Я закатал рукава рубашки, сел на табурет и принялся за работу. Очень быстро руки покрылись липким розовым соком. Сок был слишком грязный, чтоб его слизывать, и он стекал от запястий к локтям, как кровь из вскрытой вены. Никто не хотел начинать говорить первым.
– Догадываешься, почему я тебя позвала? – наконец спросила Тамара Николаевна.
– Догадываюсь: клубнику чистить.
– Какой-то ты несерьезный. Это-то в тебе и настораживает. Мне не очень нравится, как ты поступаешь с Аней.
– А что я сделал? – насторожился я.
– В том-то и дело, что пока ты ничего не сделал. Думаю, ты понимаешь, о чем я?
– Да, Тамара Николаевна, – сказал я, хотя и не очень понял, о чем это она.
– Ее религиозность – это ведь не навсегда. На самом деле она обычная девочка. Может, даже заурядная девочка.
– Я не считаю ее заурядной и не хочу, чтобы она становилась обычной. Ее религиозность мне симпатична, пусть и раздражает иногда. Вы понимаете, о чем я, Тамара Николаевна?… Кстати, я перебрал клубнику. Что теперь?
– В холодильнике стоит вино. Налей мне и себе. Стаканы в буфете.
Я вытер руки, но они все равно остались липкими. Потом открыл холодильник и достал закупоренную пластмассовой пробкой бутылку «Рислинга». В ней плескалась жидкость красного цвета, а это значило, что наполнение было инородным. Я разлил вино в цилиндрические высокие стаканы с рисунками болидов «Формулы-1».

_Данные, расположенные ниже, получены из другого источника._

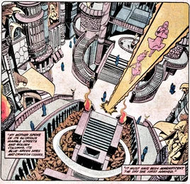 It was once a veritable paradise, with blue-green skies and crimson clouds. The streets were paved in solid marble and the buildings were accented with columns of pure gold. Hundreds upon hundreds of years ago, a mysterious woman known as Azar convinced a group of Earth humans to abandon the ways of man and embrace a world of peace and prosperity. Whether Azar was herself a native of Earth, or whether she originally hailed from Azarath itself has never been revealed. Leading her charges from Earth to Azarath, she guided and taught them the ways of peace for more than two centuries. These men and women established the Temple of Azarath and formed a mystic society. Ages ago, they decided to purge their bodies of all evil. Using mystical incantations, they exorcised the darker passions from the souls and cast it out beyond the Great Door into Limbo. These discarded dark emotions did not dissipate into the ether, however. They coalesced and merged together, flowing between the endless dimensions beyond the Great Door. In another dimension, these dark forces were summoned during a mystic ceremony and they took physical form for the first time. This being called itself Trigon and proved to be an incomprehensibly strong and powerful inter-dimensional demon of the highest order.
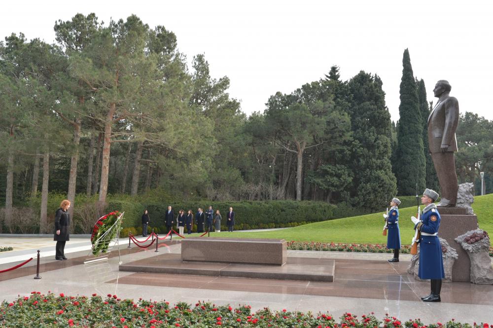 Посетив 23-го января Аллею почётных захоронений, находящаяся в нашей стране с официальным визитом председатель Конгресса Депутатов Испании Франсина Арменголь Сосиас почтила память Общенационального Лидера нашего народа, архитектора и строителя независимого азербайджанского государства Гейдара Алиева и возложила венок к его надгробию.
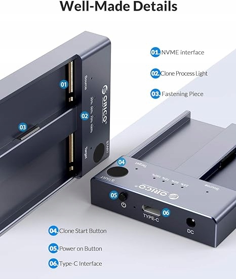 Цей клонер M.2 NVMe спеціально розроблено для M Key NVMe PCIe SSD (22110/2280/2260/2242). Підтримує читання та запис на 2 жорстких дисках M.2 NVMe одночасно. Сумісний із Windows/Mac/Linux, його можна використовувати для автономного клонування або для збільшення обсягу пам’яті шляхом підключення ПК, ноутбука, Smart TV, PS4, XBOX та інших пристроїв.
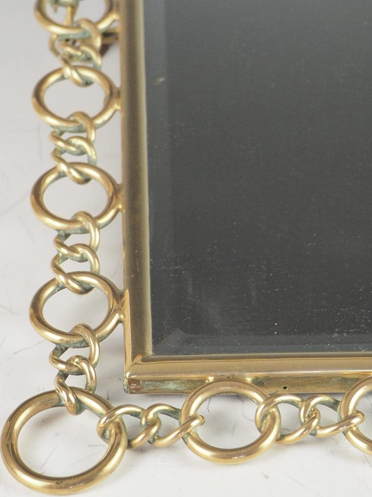 Description Antique Chain Link Bevelled Wall Mirror, a stunning addition to any home decor. Crafted with meticulous attention to detail, this mirror exudes elegance and sophistication. The frame is made of high-quality brass, which not only adds a touch of vintage charm but also ensures durability and longevity.

– Ну давай, зятек, – сказала Тамара Николаевна, подымая стакан.
Мой пит-стоп вложился в пять секунд. Слово «зятек», Тамара Николаевна произнесла весьма шутливо. Обычно подобные шутки меня напрягают, но сейчас мне, почему-то, было приятно это услышать. Мы выпили и закусили клубникой, которую успела помыть Тамара Николаевна. Клубника этим жарким летом уродилась мелкой, не водянистой и очень вкусной. Что касается домашнего вина, то оно, как мне показалось, было безнадежно испорчено сахаром.
– Аня жила сама, в Киеве. Ей так захотелось, это был ее самостоятельный выбор. Смерть отца на нее сильно повлияла. Девочки всегда привязаны к отцу… Я мать и переживаю за нее, хотя из-за отца мы одно время плохо ладили. Ей очень тяжело. И мне кажется, ей сейчас нужна стабильность.

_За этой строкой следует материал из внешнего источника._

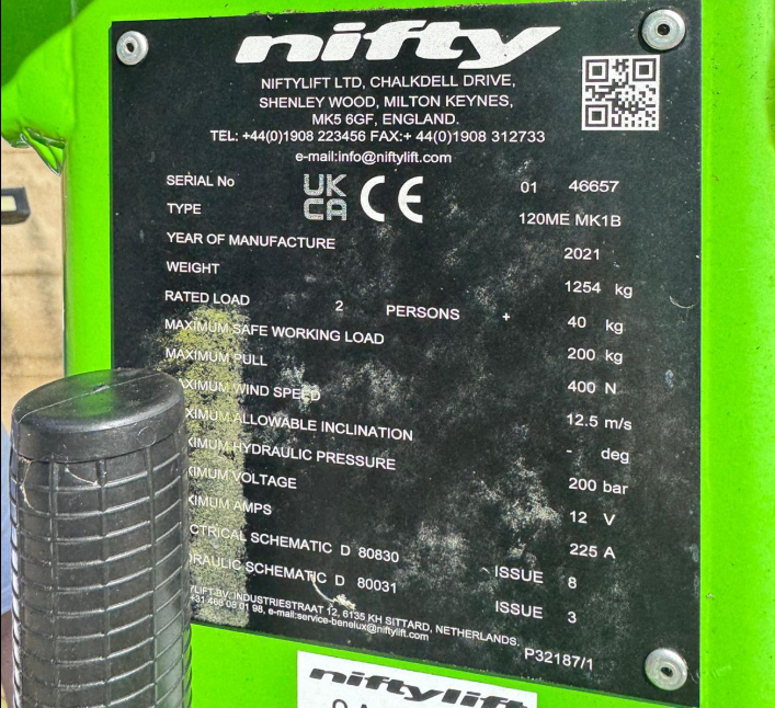 2021 Niftylift 120ME Access Platform. Working Height 12.33m. Platform Height 10.33m. Working Outreach 5m. Working Load 200kg. Wheeled. Road-towable. Will be sold with a new LOLER. Machine is immaculate, like new.
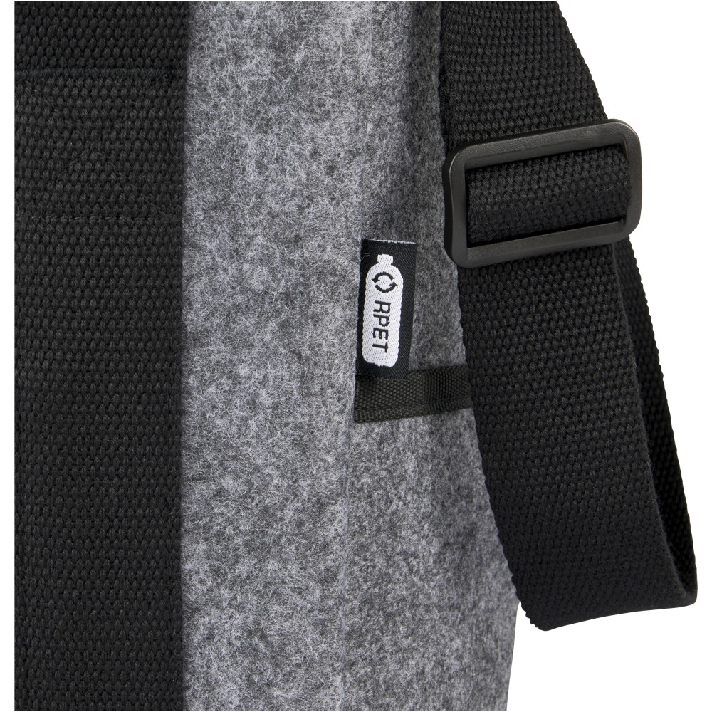 Nagyméretű hűtőtáska kiváló minőségű puha és tartós, GRS tanúsítvánnyal rendelkező újrahasznosított filcből. Tartalmaz egy nagy fő rekesszel (hat 1,5 literes palack), amely élelmiszer-biztonságos és extra vastag, nagy sűrűségű PEVA hőszigeteléssel van bélelve, amely órákon át hidegen tartja az italokat és a frissítőket. Felső cipzáras záródás, elülső zseb és két oldalsó zseb extra tároláshoz. Állítható hosszú pamut szőtt vállpántok (55 x 3,8 cm) és 2 szőtt pamut fogantyú (25 x 3,8 cm), felső kampóval és hurokkal zárható. Könnyen tisztítható. Űrtartalom: 21 liter. GRS tanúsítvánnyal rendelkező újrahasznosított poliészter. Emblémázás: Hímzés, Szitanyomás
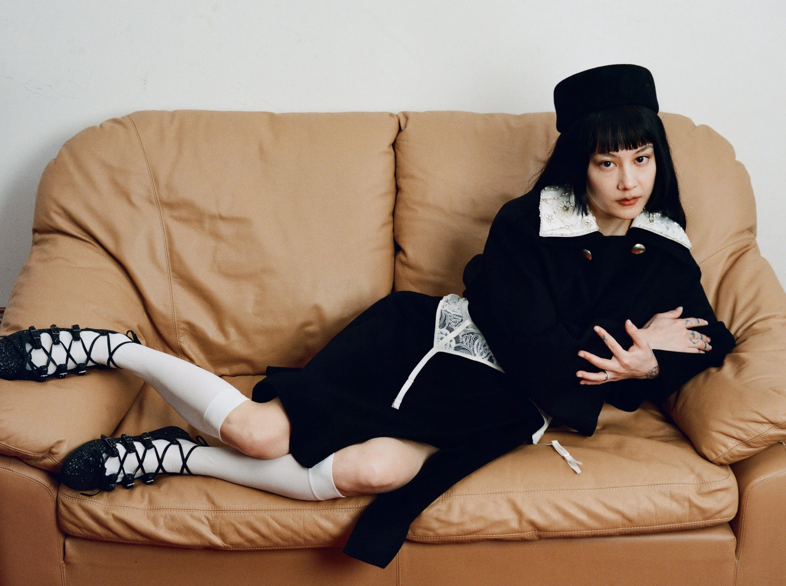 Michelle Zauner is crafting modern mythology. Throughout our conversation for Polyester, she is engaged, inquisitive, and compelling, much like she is on the album—an artist who, like a siren, lures listeners back the moment the music fades. You might know and love her as the visionary frontwoman of the indie shoegaze band Japanese Breakfast, whose lush, evocative albums have become the soundtrack for a generation of dreamers and yearners- or from her bestselling memoir, Crying in H Mart, a poignant exploration of grief, identity, and Korean food,Her last album, Jubilee, was a blend of alternative pop and rock, earning two Grammy nominations and featuring a striking cover adorned with golden persimmons. A distinct iconography runs through her work, and her latest album, For Melancholy Brunettes (and Sad Women), is no exception: its cover art features a lavish banquet table and Zauner herself as a morose woman with her head solemnly in the middle.

– А я, разумеется, не произвожу впечатления стабильного человека?
– Не совсем так. Она тебе не рассказывала, что встречалась до Киева с одним мальчиком? Он хороший парень, работает на комбинате диспетчером АЗС, неплохо зарабатывает…
– Солярку ворует, – продолжил я в тон Тамаре Николаевне, успев уже заочно возненавидеть хорошего мальчика.

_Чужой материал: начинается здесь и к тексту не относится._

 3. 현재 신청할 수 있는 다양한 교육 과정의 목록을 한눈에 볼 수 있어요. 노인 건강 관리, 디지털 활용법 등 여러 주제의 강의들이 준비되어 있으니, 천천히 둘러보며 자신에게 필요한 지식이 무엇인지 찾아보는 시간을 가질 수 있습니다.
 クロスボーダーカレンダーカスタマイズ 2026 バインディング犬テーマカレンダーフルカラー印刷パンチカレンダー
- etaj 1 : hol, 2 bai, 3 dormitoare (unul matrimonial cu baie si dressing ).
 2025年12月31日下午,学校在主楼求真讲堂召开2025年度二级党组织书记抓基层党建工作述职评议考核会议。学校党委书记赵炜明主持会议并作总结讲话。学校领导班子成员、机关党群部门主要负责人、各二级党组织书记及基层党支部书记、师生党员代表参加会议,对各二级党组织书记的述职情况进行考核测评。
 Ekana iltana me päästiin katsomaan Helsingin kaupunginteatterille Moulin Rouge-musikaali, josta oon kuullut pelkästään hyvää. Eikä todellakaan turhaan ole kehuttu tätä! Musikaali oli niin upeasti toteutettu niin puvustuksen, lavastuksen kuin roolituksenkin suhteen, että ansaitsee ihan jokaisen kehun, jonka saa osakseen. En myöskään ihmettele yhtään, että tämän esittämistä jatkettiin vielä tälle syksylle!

– Ворует. А кто ее там не ворует? Они давно дружат, и ему очень нравится Аня, он часто заходит к нам, звонит ей по телефону. Витя подарил ей недавно кольцо, но она не захотела его носить.
– Простите, Тамара Николаевна, зачем вы мне рассказываете про этого Витю?
– Ты мне нравишься, а Витя нет. Но я хочу, чтобы ты знал – с ним ей было бы лучше. Он бы себе работал на комбинате, воровал по мелочам, пил с друзьями водку по праздникам, она была бы хозяйкой, командовала им, а он об этом никогда бы не догадывался.
– Они ездили бы в Крым по профсоюзной путевке, покупали бы холодильник в кредит, гуляли бы в парке по выходным…
– Да. И я немного зла на тебя, потому что с тобой Ане интересней, чем с Витей. Тебя, наверное, можно любить, но жить с тобой нельзя. А с Витей наоборот, и мне жалко, что Аня этого не понимает. Витя хороший, потому что…
– Обыкновенный.
– Ты правильно меня понял… А сейчас быстро, только не задумываясь, назови мне любую домашнюю птицу, любой фрукт и любого русского поэта.
– Индюк, абрикос, Блок, – выпалил я.
– Тяжелый случай…
– Неужели все так запущенно?
– Ты даже себе не представляешь насколько. Помоги мне в тазе перемешать.
Я подошел к плите. Тамара Николаевна вручила мне сырую вишневую палку со срезанной корой. Я размешивал варево, а она досыпала сахар и отобранную клубнику.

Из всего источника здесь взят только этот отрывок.